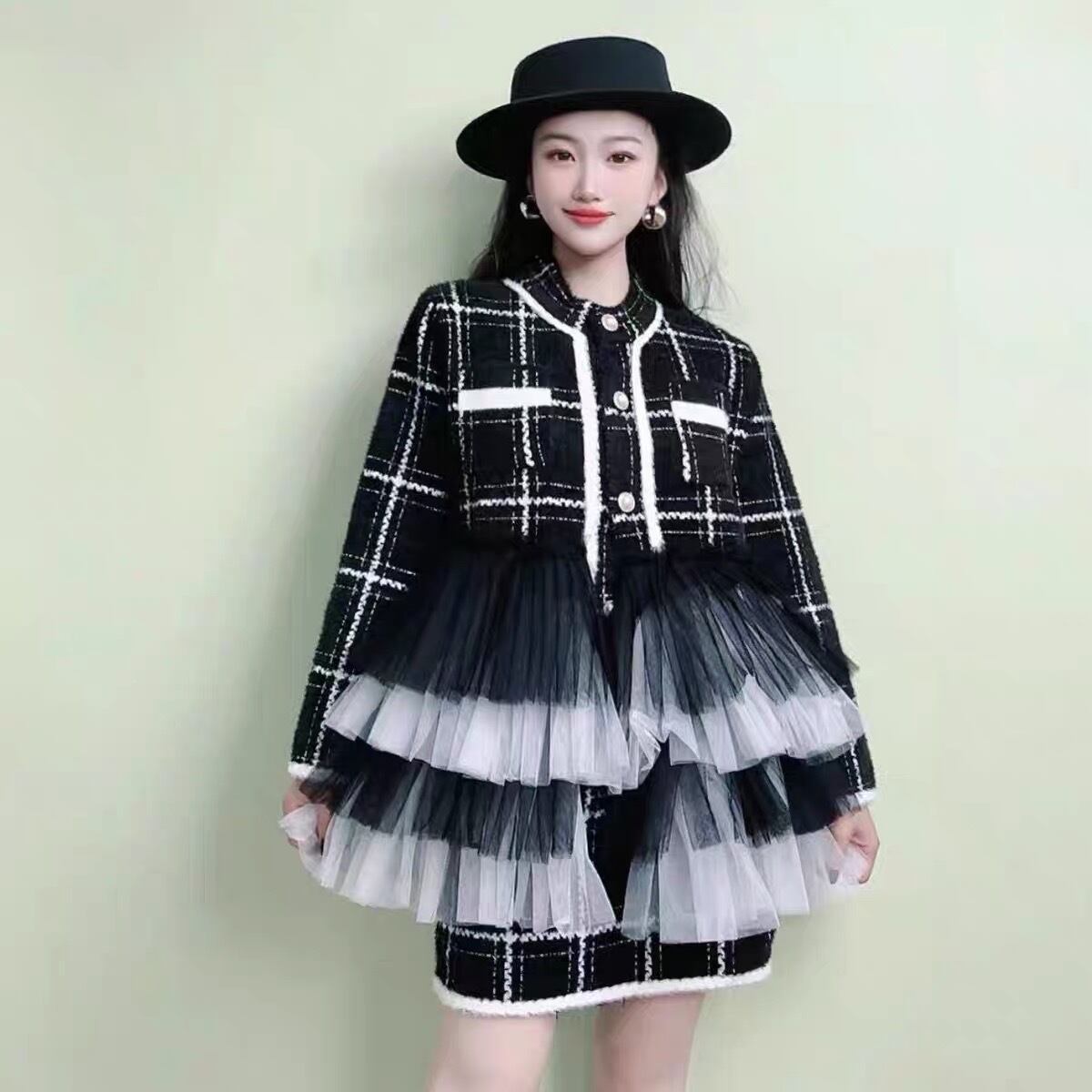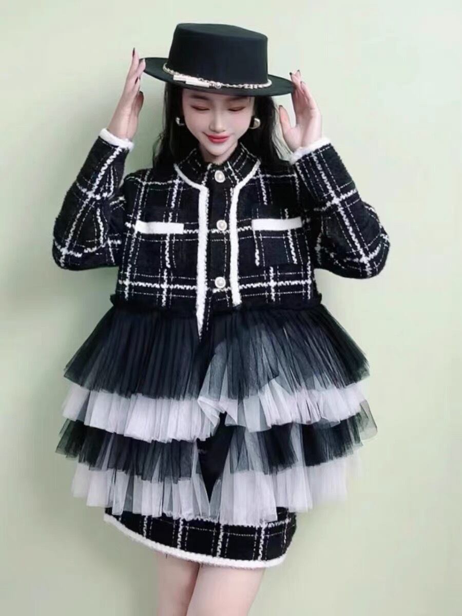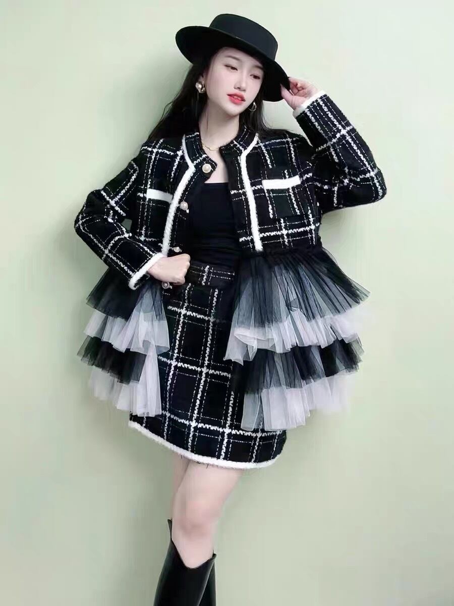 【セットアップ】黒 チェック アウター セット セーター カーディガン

* * * * * * *

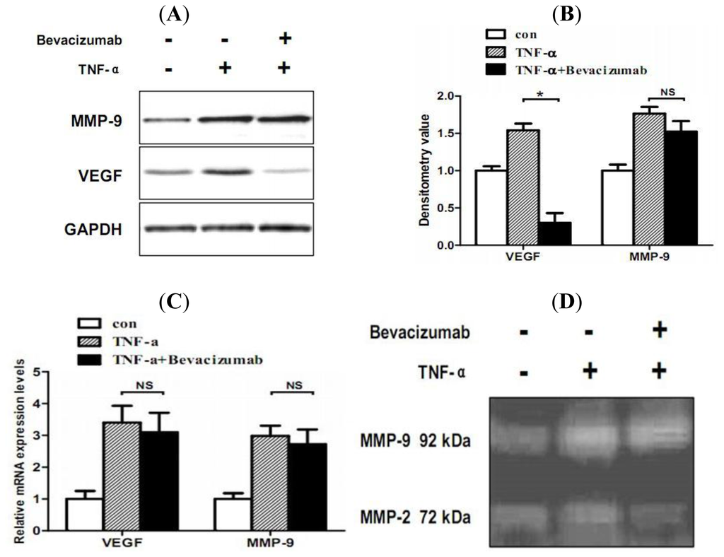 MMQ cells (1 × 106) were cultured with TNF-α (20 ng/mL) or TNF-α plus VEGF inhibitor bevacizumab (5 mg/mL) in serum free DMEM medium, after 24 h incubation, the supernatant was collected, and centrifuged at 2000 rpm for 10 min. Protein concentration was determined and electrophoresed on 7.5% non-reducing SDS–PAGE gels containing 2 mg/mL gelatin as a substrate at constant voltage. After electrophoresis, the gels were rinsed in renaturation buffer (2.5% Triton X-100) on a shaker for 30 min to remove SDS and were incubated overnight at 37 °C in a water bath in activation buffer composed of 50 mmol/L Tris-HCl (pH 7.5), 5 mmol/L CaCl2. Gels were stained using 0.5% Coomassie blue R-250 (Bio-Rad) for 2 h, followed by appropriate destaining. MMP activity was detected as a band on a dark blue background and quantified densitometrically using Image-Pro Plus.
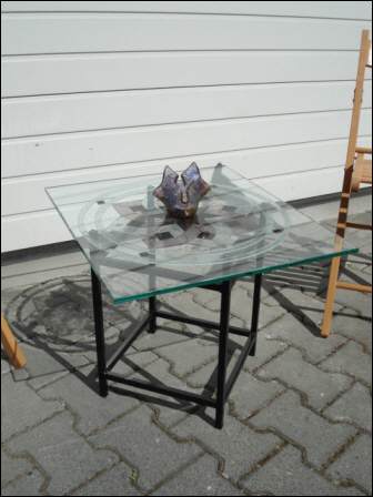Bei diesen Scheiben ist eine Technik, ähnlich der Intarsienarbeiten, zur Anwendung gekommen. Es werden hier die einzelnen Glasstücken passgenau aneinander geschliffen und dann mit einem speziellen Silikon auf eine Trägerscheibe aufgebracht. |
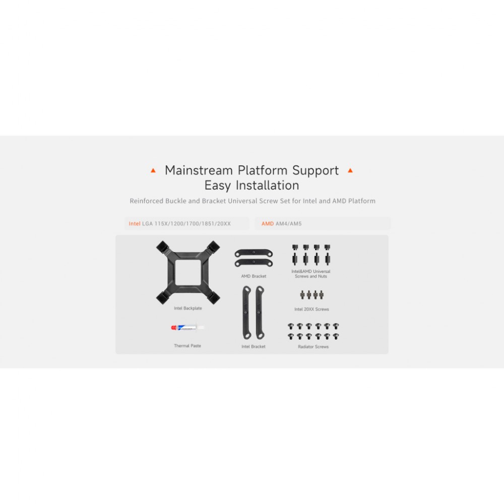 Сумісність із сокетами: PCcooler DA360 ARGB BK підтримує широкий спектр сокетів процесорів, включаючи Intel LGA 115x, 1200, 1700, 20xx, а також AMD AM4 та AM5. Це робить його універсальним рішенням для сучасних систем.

* * * * * * *

■ **REQUIRED ACTION**: What is needed is an exact copy of the lines above, from the one holding "Bei diesen Scheiben" down to the one holding "Сумісність із сокетами: PCcooler", with those two included and the pictures left out.

■ **ANSWER FOR THE TASK**:
Bei diesen Scheiben ist eine Technik, ähnlich der Intarsienarbeiten, zur Anwendung gekommen. Es werden hier die einzelnen Glasstücken passgenau aneinander geschliffen und dann mit einem speziellen Silikon auf eine Trägerscheibe aufgebracht. |
 Сумісність із сокетами: PCcooler DA360 ARGB BK підтримує широкий спектр сокетів процесорів, включаючи Intel LGA 115x, 1200, 1700, 20xx, а також AMD AM4 та AM5. Це робить його універсальним рішенням для сучасних систем.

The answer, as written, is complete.